What I enjoy about the book is the math is not the dry academic derivation driven material, it is full of examples and immediately useful formulas. There is just enough explanation to help the math wonks pursue their interest, and enough practical information to allow engineers to develop and conduct meaningful experiments.

Book Details and Comments

The book is essentially a textbook complete with end of chapter exercises.

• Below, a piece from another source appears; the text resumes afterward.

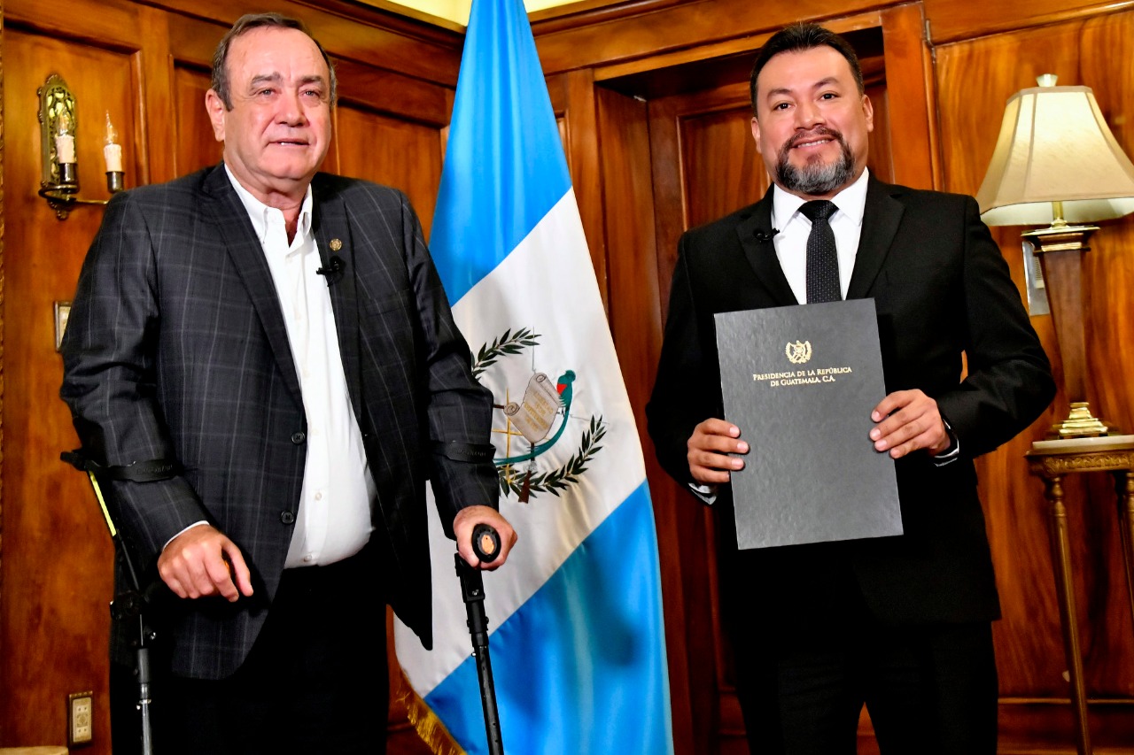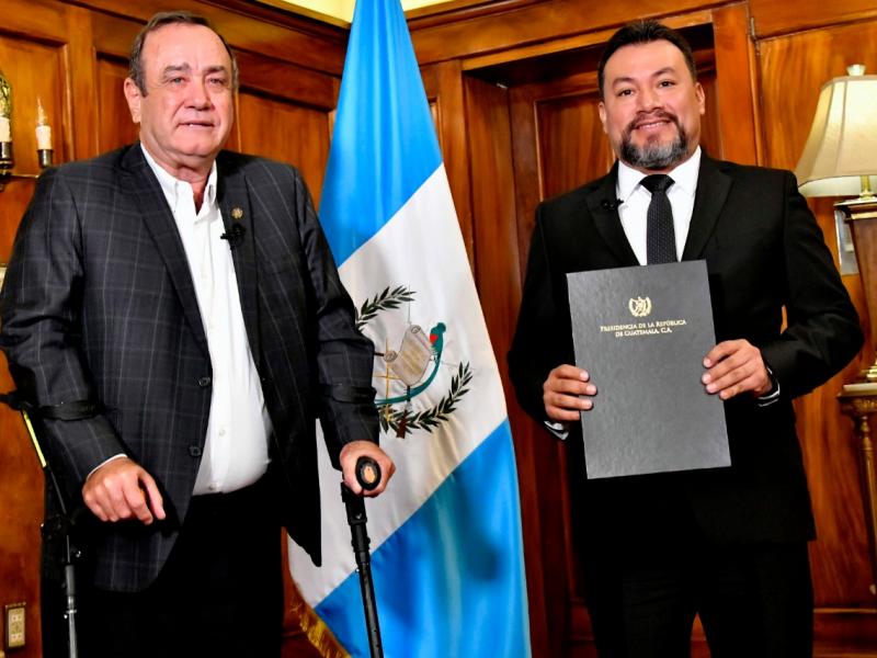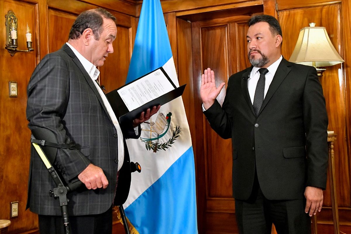 El licenciado Wuelmer Gómez González fue juramentado hoy por el presidente de la República, Alejandro Giammattei, quien lo insta a ejercer el cargo con apego a la legislación vigente y privilegiando el bienestar del país.

It also is chock full of references for those interested in gaining a deeper understanding of accelerated testing.

Wayne organized the work in a typical fashion with an introduction, background material, then launches into the simpler life tests with a single stress before addressing more complex life testing methods.

He does tend to focus on life data distributions, like Lognormal and Weibull, which is understandable given their importance when describing life data.

Beyond the distributions there is also a full treatment of acceleration models including Arrhenius and many others.

It is the mixture of life distributions at use and accelerated conditions along with an appropriate means to translate between the two that form the heart of the book.

Other testing discussions include step stress and degradation approaches.

Analysis Techniques

Wayne describes analysis methods in detail, as they support test planning and data analysis. He starts with graphical methods, least squares when dealing with complete (everything has failed) data, and later in the book a detailed treatment of the maximum likelihood estimation method.

The analysis in large part depends on the data and objective and he details best practices from both a practical and statistical point of view. In nearly every section there are lists of assumptions to check, often with tools or approaches to verify assumptions. This is too often missing from books about life data analysis and accelerated testing. One can make serious errors by ignoring the underlying assumptions of your accelerated testing.

Another consideration for the analysis of life data or for test planning is when dealing with competing failure modes and other real world considerations when planning or analyzing your experiment. Besides a full chapter the advice on how to create a meaningful experiment is spread throughout the book.

Recommendation

If you are considering running an accelerated test, this old book is the one you need to be successful. Get it, study it, and apply the principles and approaches as appropriate.

My first reliability engineering project started with the last chapter of Accelerated Testing. Since then I’ve read and applied material from every chapter over and over. Highly recommended.

As you may be able to tell, I like this book. It is my goto resource. What are your favorite or goto references and why? Leave a comment and share your recommendation.

About Fred Schenkelberg

I am an experienced reliability engineering and management consultant with my firm FMS Reliability. My passion is working with teams to create cost-effective reliability programs that solve problems, create durable and reliable products, increase customer satisfaction, and reduce warranty costs.

7 thoughts on “Book Review: Accelerated Testing

  1. Hi Fred, It is interesting to compare. I started in 1983 years with a book “N. D. Kuznetsov and V. I. Tseitlin, Equivalent Tests on Gas-Turbine Engines [in Russian], Mashinostroenie, Moscow (1976)”. These authors were gas-turbine engine engineers, not reliability statisticians.

    1. Hi Oleg,

      I suspect you and I along with others like us have few goto references on our shelf. We learned the craft from books. For the work we do, our books are our tools, and treated with the respect they deserve. The men and women behind these works have provided us a career.

      Now wondering how those that rely on Google and Wikipedia will fare.

      Cheers,

      Fred

      1. I agree with you. Book gives us “direction”, not just information, as opposed to Google and Wikipedia.

  2. This is an excellent book, Fred. I dithered for about a year before buying it. It has been an invaluable source of information.